**Work to be completed**
Below are some records. Return exactly their lines from the one containing "Il padre di" through the one containing "After that, the", and drop the pictures.

**Data listing**
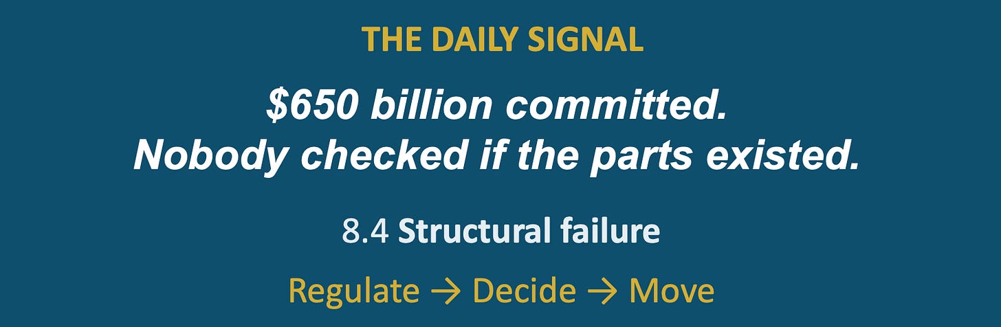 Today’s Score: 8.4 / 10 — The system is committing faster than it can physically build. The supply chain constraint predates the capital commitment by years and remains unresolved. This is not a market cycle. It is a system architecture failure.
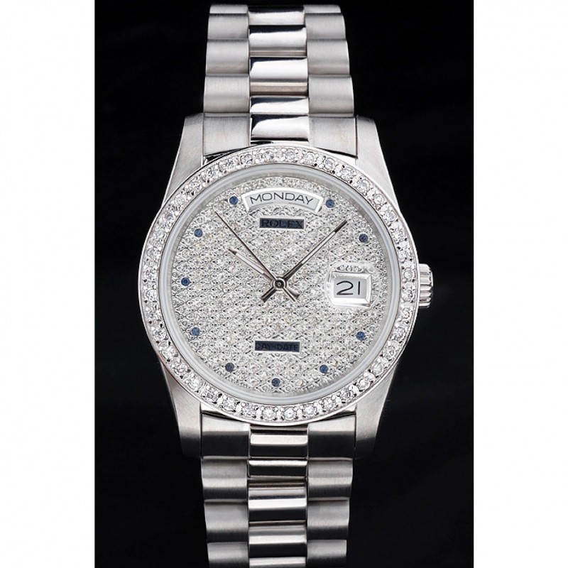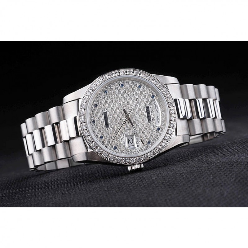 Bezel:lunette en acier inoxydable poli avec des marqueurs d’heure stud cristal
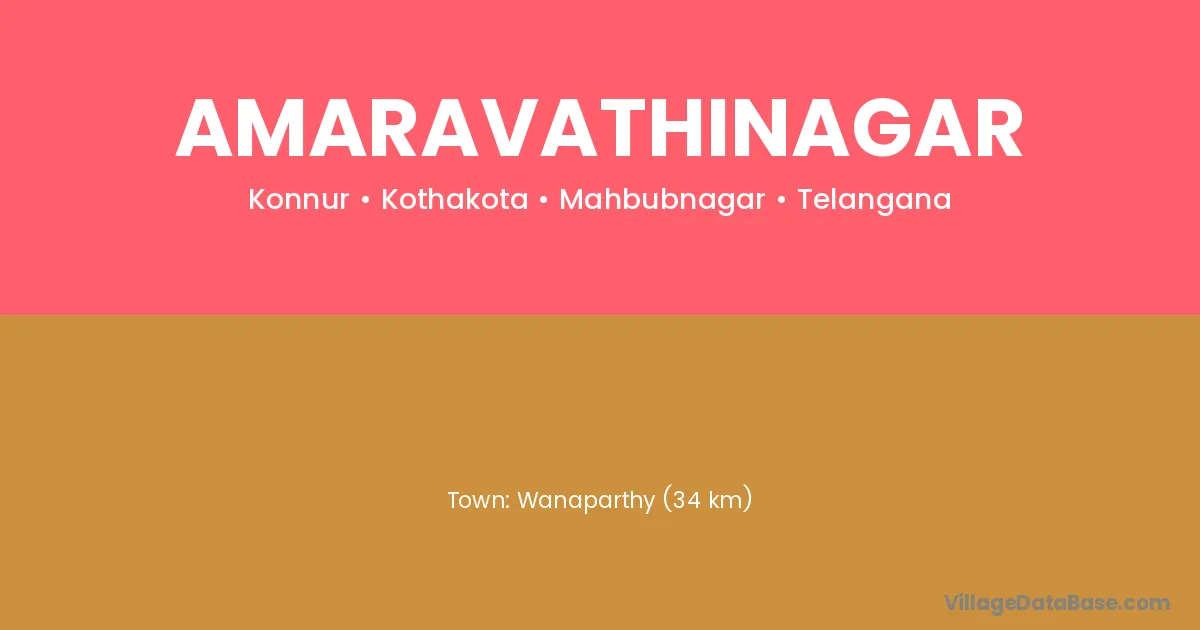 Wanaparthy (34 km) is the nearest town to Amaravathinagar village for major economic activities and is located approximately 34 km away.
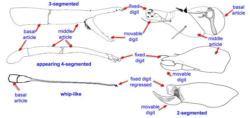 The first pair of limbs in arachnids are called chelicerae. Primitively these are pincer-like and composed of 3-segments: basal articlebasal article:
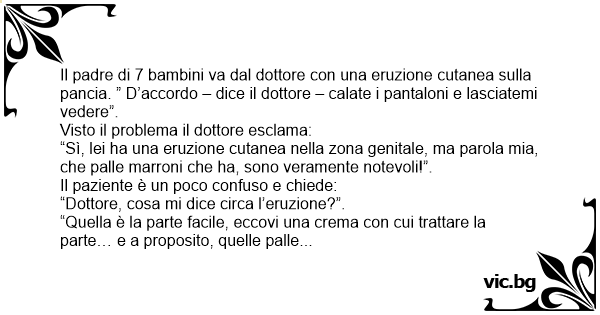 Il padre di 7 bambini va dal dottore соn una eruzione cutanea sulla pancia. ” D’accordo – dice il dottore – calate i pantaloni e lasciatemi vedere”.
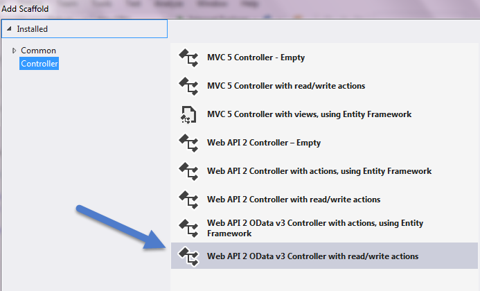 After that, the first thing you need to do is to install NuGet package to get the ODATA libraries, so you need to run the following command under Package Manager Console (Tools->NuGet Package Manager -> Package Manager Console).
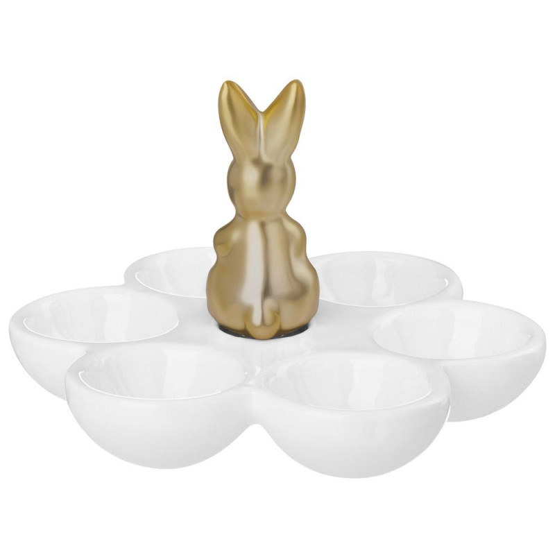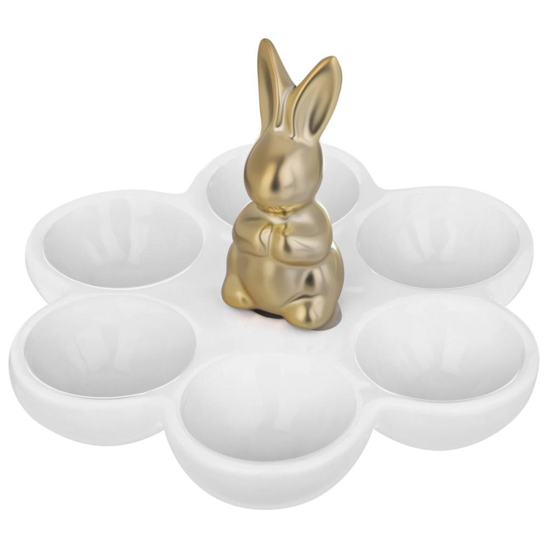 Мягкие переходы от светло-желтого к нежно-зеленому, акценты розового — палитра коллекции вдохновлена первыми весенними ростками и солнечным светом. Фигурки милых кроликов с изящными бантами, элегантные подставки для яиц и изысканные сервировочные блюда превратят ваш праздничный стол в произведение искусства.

**Expected output**
 Il padre di 7 bambini va dal dottore соn una eruzione cutanea sulla pancia. ” D’accordo – dice il dottore – calate i pantaloni e lasciatemi vedere”.
 After that, the first thing you need to do is to install NuGet package to get the ODATA libraries, so you need to run the following command under Package Manager Console (Tools->NuGet Package Manager -> Package Manager Console).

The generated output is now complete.